Enhanced convective heat transfer in new triply periodic minimal surface structures: Numerical and experimental investigation

Abstract

Triply Periodic Minimal Surfaces (TPMS) structures are increasingly recognized for their potential in thermal management due to their unique repetitive and interconnected minimal surfaces. However, a major challenge lies in enhancing the convective heat transfer performance of TPMS structures. This study introduces new TPMS designs and evaluates their thermal characteristics against established structures such as Diamond, Gyroid, SplitP, and Lidinoid employing a combination of numerical simulations and experimental measurements. The results reveal that the newly TPMS designs significantly outperform existing ones in terms of heat transfer performance. Numerically, the new TPMS structures demonstrate improvements in the Nusselt number and convective heat transfer coefficient, ranging from 6% to 13.7% and 4.6% to 20%, surpassing Lidinoid and SplitP, and eclipsing Diamond and Gyroid by 15% to 58% and 37% to 91%, respectively.

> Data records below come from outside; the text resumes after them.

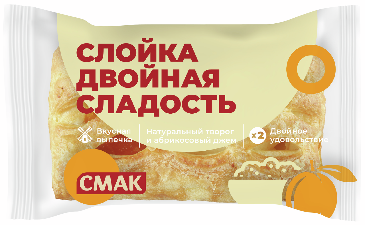 Слойка Двойная сладость с творогом и абрикосом. В слойке сразу две начинки: натуральный творог и абрикосовый конфитюр. Можно использовать в качестве перекуса или как десерт с чаем.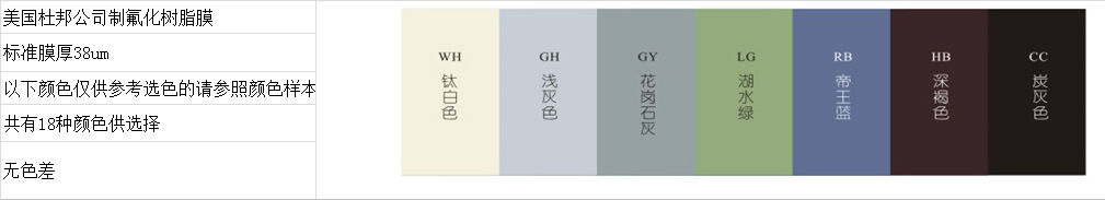 ■ 鍍膜鋼板顏色可選擇范圍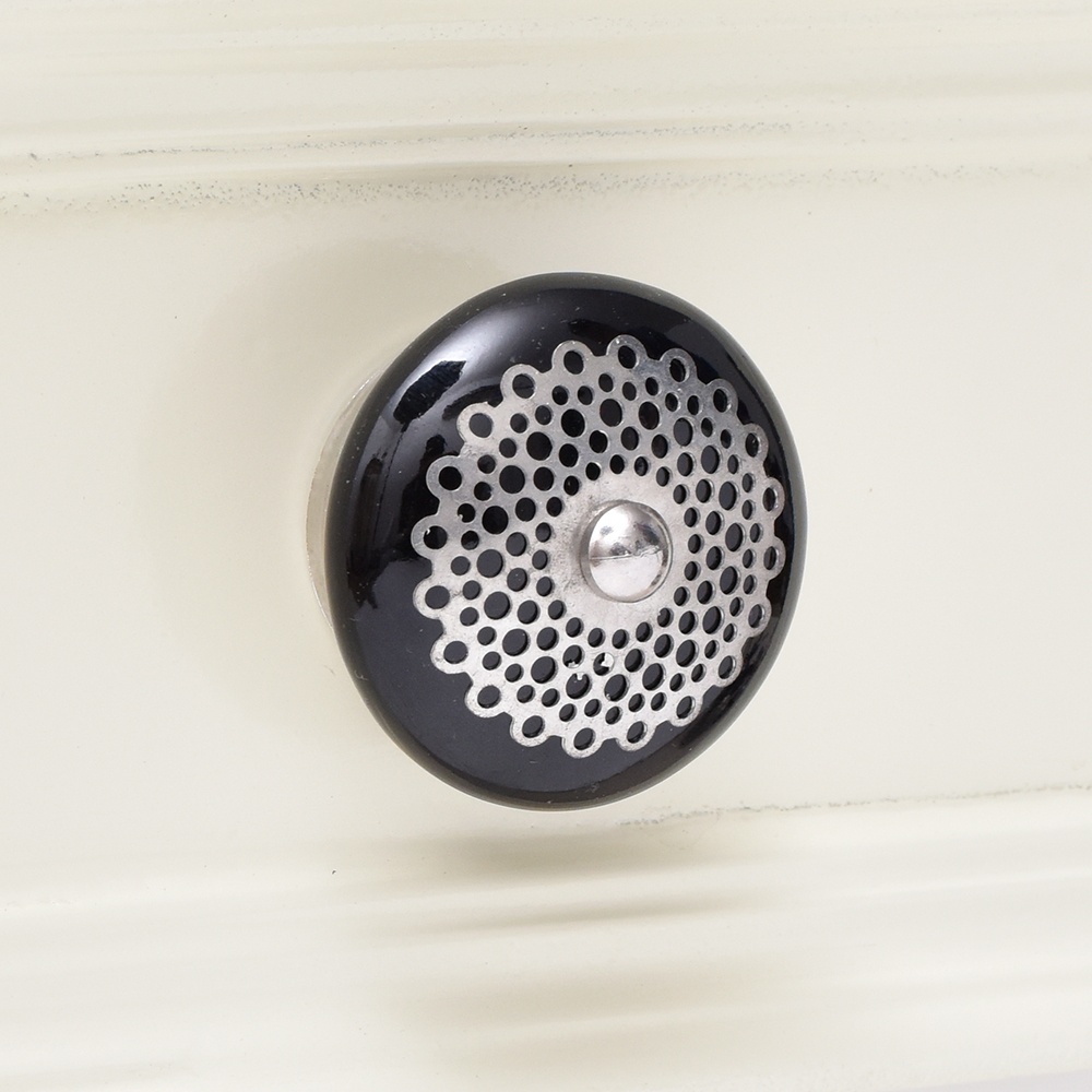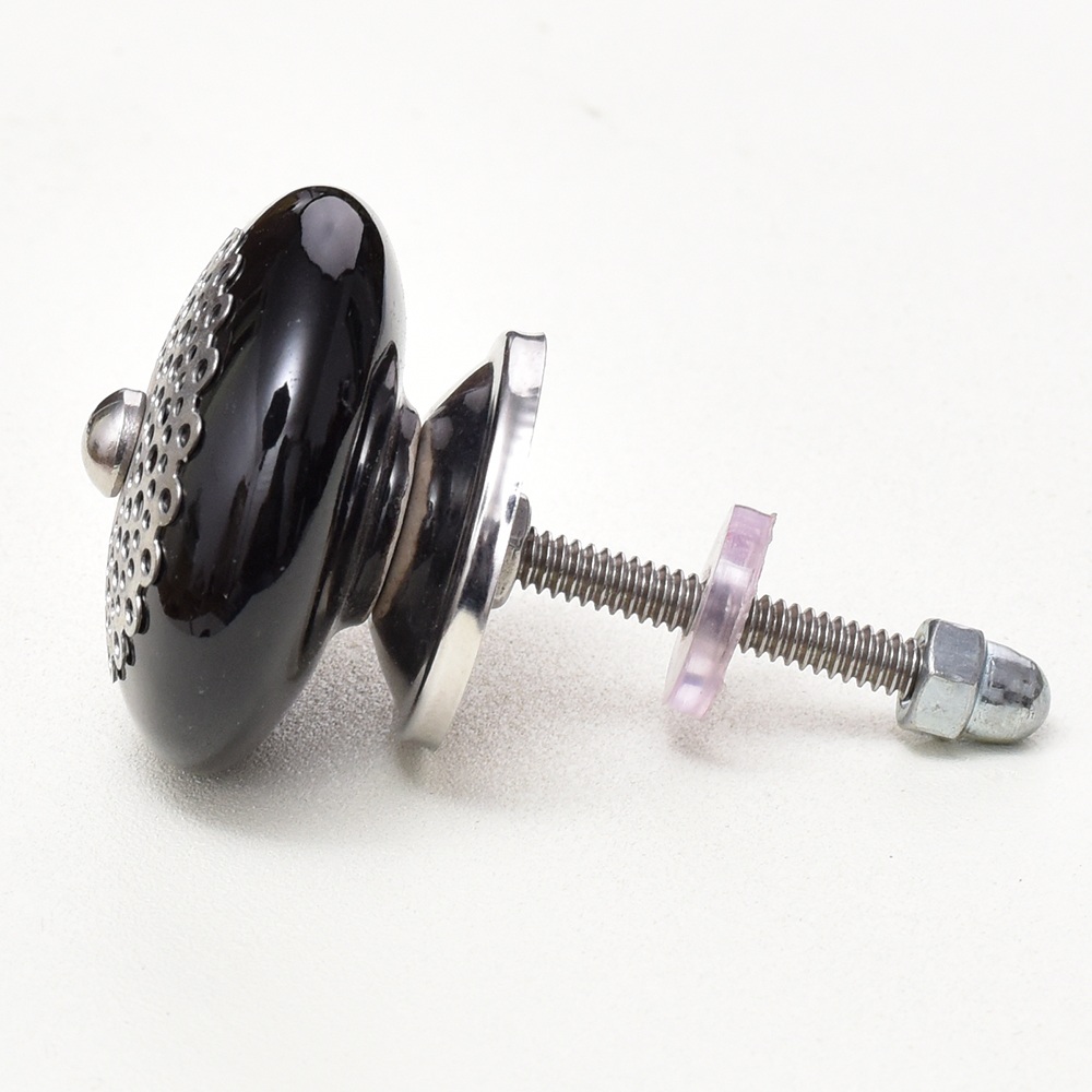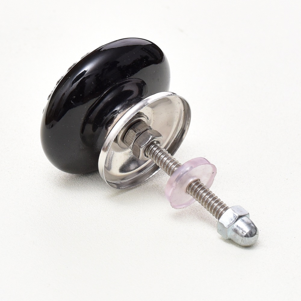 Introducing the Black Strewn Flat Ceramic Knob, a chic and contemporary hardware piece that effortlessly elevates the appearance of your cabinets, drawers, and furniture. With its minimalist design and sleek black finish, this knob brings a touch of sophistication to any modern or industrial-inspired space.

Experimentally, these findings are complemented with the newly TPMS structures showing increases in convective heat transfer coefficients up to 68% and a 57% rise in Nusselt numbers compared to the Gyroid structure. These enhancements are attributed to their larger fluid-solid contact areas and optimized fluid distribution. However, a trade-off is observed in the form of increased pressure drops in the more complex TPMS structures, particularly in structures with larger circumferences and periodicities. The study also highlights the complex dynamic flow patterns within these structures, establishing a direct link between design complexity and fluid dynamics. This interconnectedness is pivotal for future design optimizations aimed at improving thermal performance. These findings represent a significant step forward in TPMS research, paving the way for further investigations into optimizing these structures for superior heat transfer performance.